● Activity: Set down, exactly and with nothing added, the lines running from the one that holds "Je l’entendais aussi" to the final line of the records. Pictures stay out of the copy.

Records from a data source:
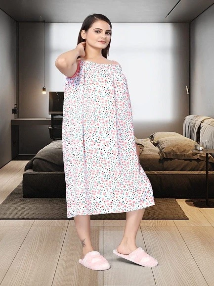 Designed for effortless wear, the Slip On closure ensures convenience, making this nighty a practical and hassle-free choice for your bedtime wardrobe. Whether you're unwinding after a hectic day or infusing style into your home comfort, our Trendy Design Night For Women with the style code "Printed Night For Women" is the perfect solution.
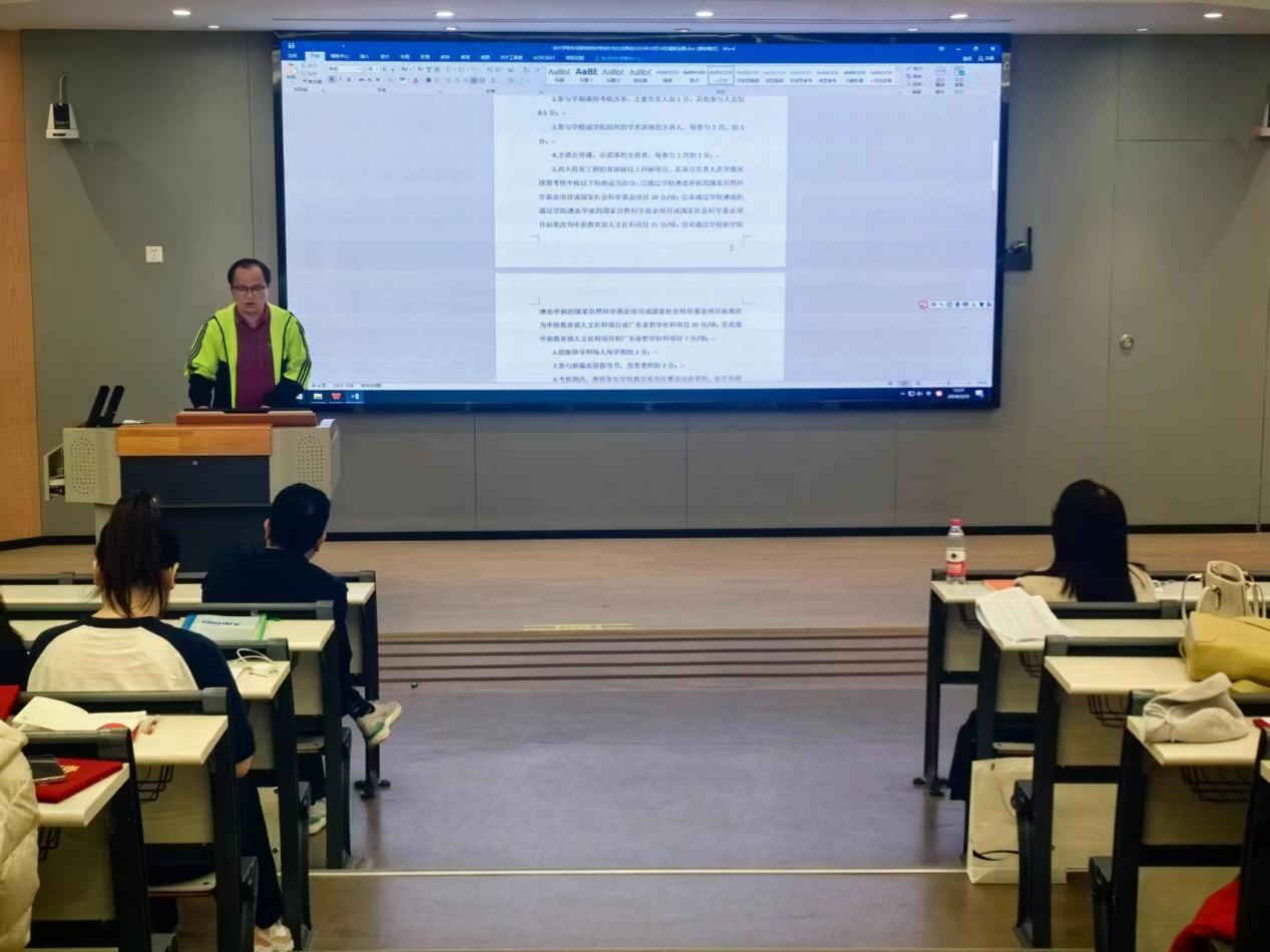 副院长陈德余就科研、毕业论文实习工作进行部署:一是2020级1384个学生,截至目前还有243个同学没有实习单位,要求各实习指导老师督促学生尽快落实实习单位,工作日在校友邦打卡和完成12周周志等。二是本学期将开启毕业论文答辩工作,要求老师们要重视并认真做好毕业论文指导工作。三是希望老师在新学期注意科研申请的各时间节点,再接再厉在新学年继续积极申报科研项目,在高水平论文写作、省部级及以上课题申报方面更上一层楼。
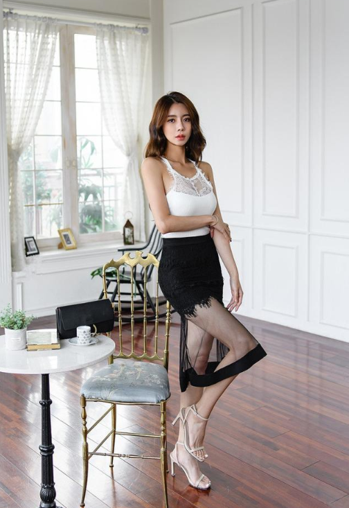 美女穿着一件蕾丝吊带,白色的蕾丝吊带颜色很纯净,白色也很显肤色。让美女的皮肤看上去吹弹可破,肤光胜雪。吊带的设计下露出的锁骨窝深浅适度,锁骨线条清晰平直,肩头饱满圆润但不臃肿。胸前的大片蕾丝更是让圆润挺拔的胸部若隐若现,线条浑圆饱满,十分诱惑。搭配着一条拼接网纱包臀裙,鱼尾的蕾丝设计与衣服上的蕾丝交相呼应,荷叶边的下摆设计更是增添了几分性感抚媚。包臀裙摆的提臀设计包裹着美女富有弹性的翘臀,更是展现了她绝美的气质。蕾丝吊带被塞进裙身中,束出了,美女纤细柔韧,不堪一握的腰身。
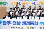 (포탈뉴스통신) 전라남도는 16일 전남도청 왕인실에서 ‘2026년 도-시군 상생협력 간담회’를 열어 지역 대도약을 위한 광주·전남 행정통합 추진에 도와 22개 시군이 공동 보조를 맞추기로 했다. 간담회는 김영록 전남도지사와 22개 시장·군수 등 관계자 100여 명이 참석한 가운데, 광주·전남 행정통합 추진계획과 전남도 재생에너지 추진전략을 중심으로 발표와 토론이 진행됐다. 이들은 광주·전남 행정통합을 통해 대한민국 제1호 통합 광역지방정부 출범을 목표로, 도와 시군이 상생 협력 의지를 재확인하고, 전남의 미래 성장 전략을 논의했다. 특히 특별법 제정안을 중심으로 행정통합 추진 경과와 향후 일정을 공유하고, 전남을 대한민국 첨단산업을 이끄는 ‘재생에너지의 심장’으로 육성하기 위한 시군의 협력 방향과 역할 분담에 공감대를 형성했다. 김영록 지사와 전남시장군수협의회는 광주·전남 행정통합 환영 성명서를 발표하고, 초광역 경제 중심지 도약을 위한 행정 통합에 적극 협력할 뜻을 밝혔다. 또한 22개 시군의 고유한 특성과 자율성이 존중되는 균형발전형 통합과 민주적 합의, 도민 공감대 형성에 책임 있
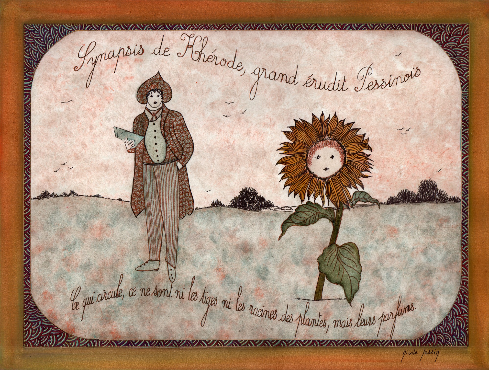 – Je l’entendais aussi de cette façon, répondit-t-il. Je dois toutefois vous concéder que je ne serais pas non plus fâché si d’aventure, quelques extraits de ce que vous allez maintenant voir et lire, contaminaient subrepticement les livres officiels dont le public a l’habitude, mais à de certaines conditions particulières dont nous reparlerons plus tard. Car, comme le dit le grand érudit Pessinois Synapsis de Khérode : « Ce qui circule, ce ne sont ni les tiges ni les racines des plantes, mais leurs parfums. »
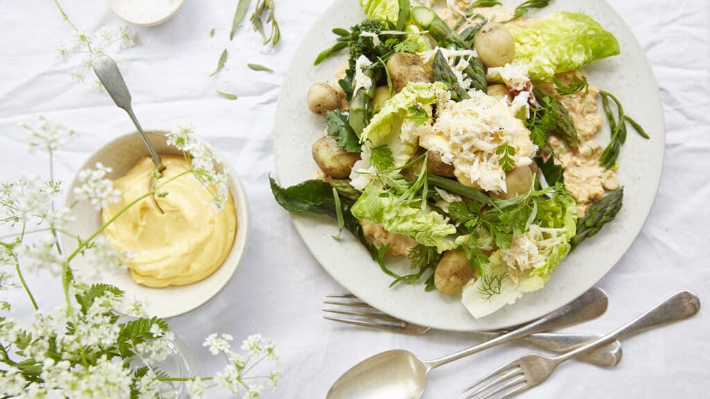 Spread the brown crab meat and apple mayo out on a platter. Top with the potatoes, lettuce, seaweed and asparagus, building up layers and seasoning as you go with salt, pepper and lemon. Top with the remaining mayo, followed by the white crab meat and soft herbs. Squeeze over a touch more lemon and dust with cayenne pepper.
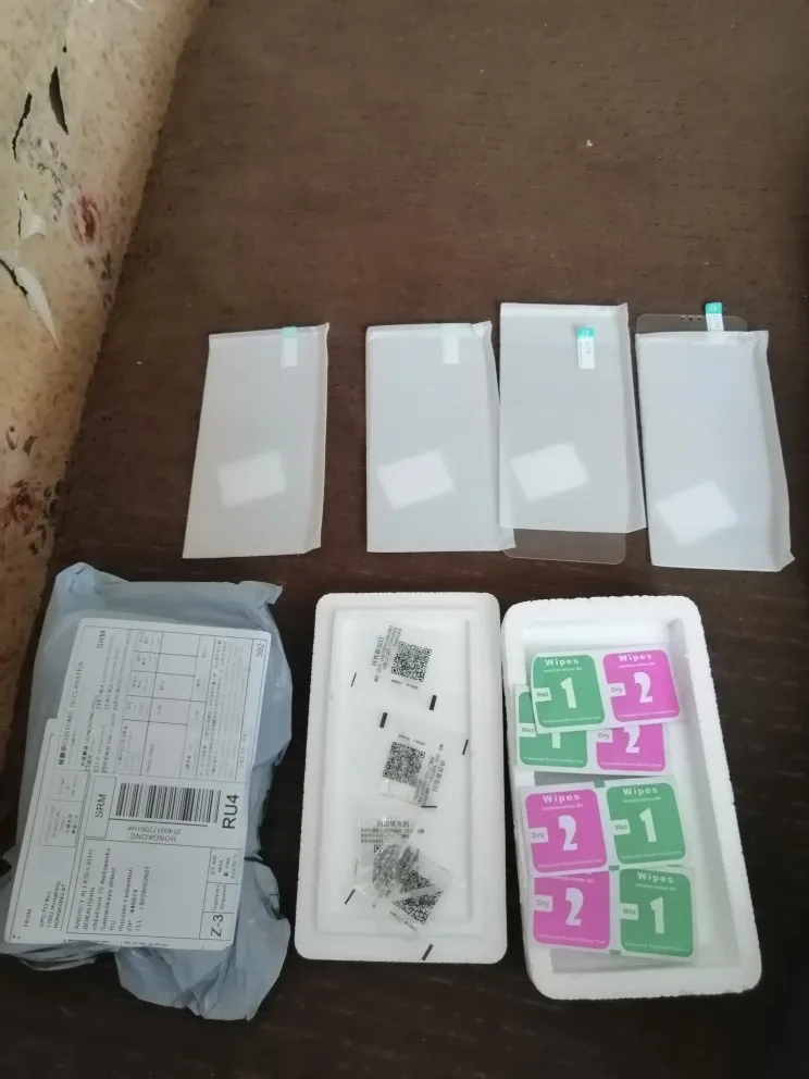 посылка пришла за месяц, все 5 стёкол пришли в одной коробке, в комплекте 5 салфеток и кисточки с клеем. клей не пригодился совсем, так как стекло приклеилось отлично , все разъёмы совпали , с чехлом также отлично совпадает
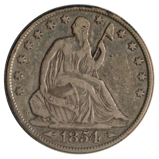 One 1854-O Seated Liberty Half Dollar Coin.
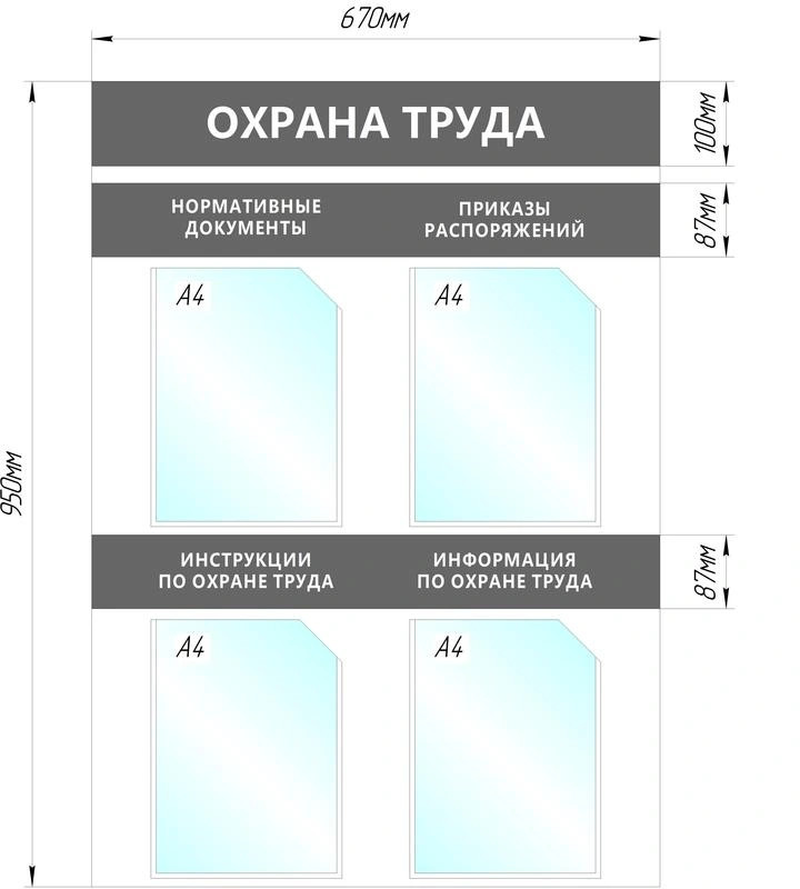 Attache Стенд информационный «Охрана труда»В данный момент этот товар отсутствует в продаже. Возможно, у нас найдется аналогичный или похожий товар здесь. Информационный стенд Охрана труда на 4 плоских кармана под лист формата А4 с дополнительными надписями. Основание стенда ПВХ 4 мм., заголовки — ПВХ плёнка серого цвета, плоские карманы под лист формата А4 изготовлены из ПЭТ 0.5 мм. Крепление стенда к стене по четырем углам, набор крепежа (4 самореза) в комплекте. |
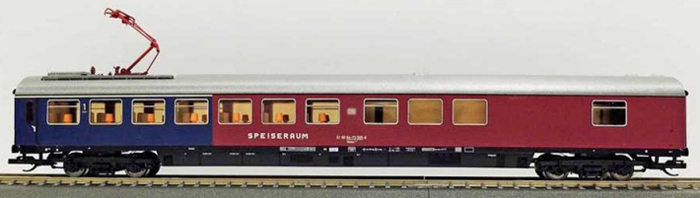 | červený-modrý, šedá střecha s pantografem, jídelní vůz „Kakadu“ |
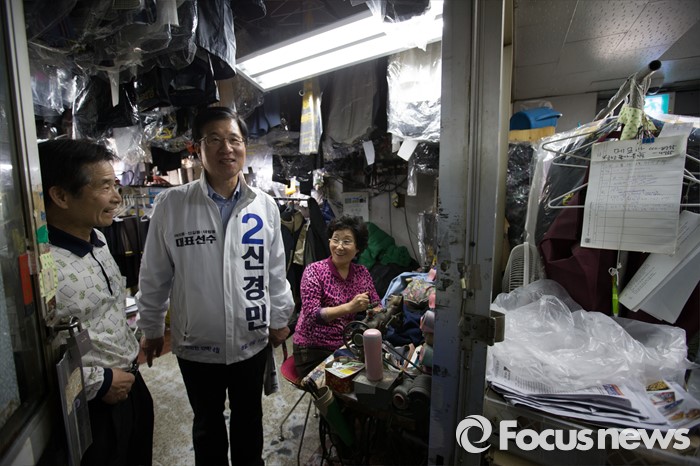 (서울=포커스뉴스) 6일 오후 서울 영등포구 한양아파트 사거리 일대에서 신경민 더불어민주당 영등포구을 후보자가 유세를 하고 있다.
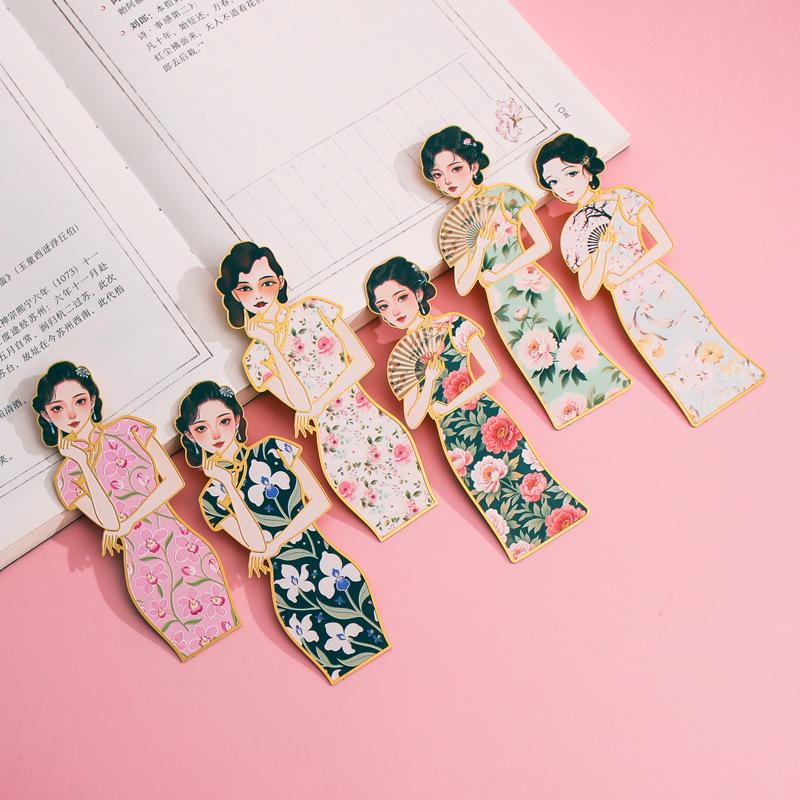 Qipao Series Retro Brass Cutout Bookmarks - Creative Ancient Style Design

● Written solution:
 – Je l’entendais aussi de cette façon, répondit-t-il. Je dois toutefois vous concéder que je ne serais pas non plus fâché si d’aventure, quelques extraits de ce que vous allez maintenant voir et lire, contaminaient subrepticement les livres officiels dont le public a l’habitude, mais à de certaines conditions particulières dont nous reparlerons plus tard. Car, comme le dit le grand érudit Pessinois Synapsis de Khérode : « Ce qui circule, ce ne sont ni les tiges ni les racines des plantes, mais leurs parfums. »
 Spread the brown crab meat and apple mayo out on a platter. Top with the potatoes, lettuce, seaweed and asparagus, building up layers and seasoning as you go with salt, pepper and lemon. Top with the remaining mayo, followed by the white crab meat and soft herbs. Squeeze over a touch more lemon and dust with cayenne pepper.
 посылка пришла за месяц, все 5 стёкол пришли в одной коробке, в комплекте 5 салфеток и кисточки с клеем. клей не пригодился совсем, так как стекло приклеилось отлично , все разъёмы совпали , с чехлом также отлично совпадает
 One 1854-O Seated Liberty Half Dollar Coin.
 Attache Стенд информационный «Охрана труда»В данный момент этот товар отсутствует в продаже. Возможно, у нас найдется аналогичный или похожий товар здесь. Информационный стенд Охрана труда на 4 плоских кармана под лист формата А4 с дополнительными надписями. Основание стенда ПВХ 4 мм., заголовки — ПВХ плёнка серого цвета, плоские карманы под лист формата А4 изготовлены из ПЭТ 0.5 мм. Крепление стенда к стене по четырем углам, набор крепежа (4 самореза) в комплекте. |
 | červený-modrý, šedá střecha s pantografem, jídelní vůz „Kakadu“ |
 (서울=포커스뉴스) 6일 오후 서울 영등포구 한양아파트 사거리 일대에서 신경민 더불어민주당 영등포구을 후보자가 유세를 하고 있다.
 Qipao Series Retro Brass Cutout Bookmarks - Creative Ancient Style Design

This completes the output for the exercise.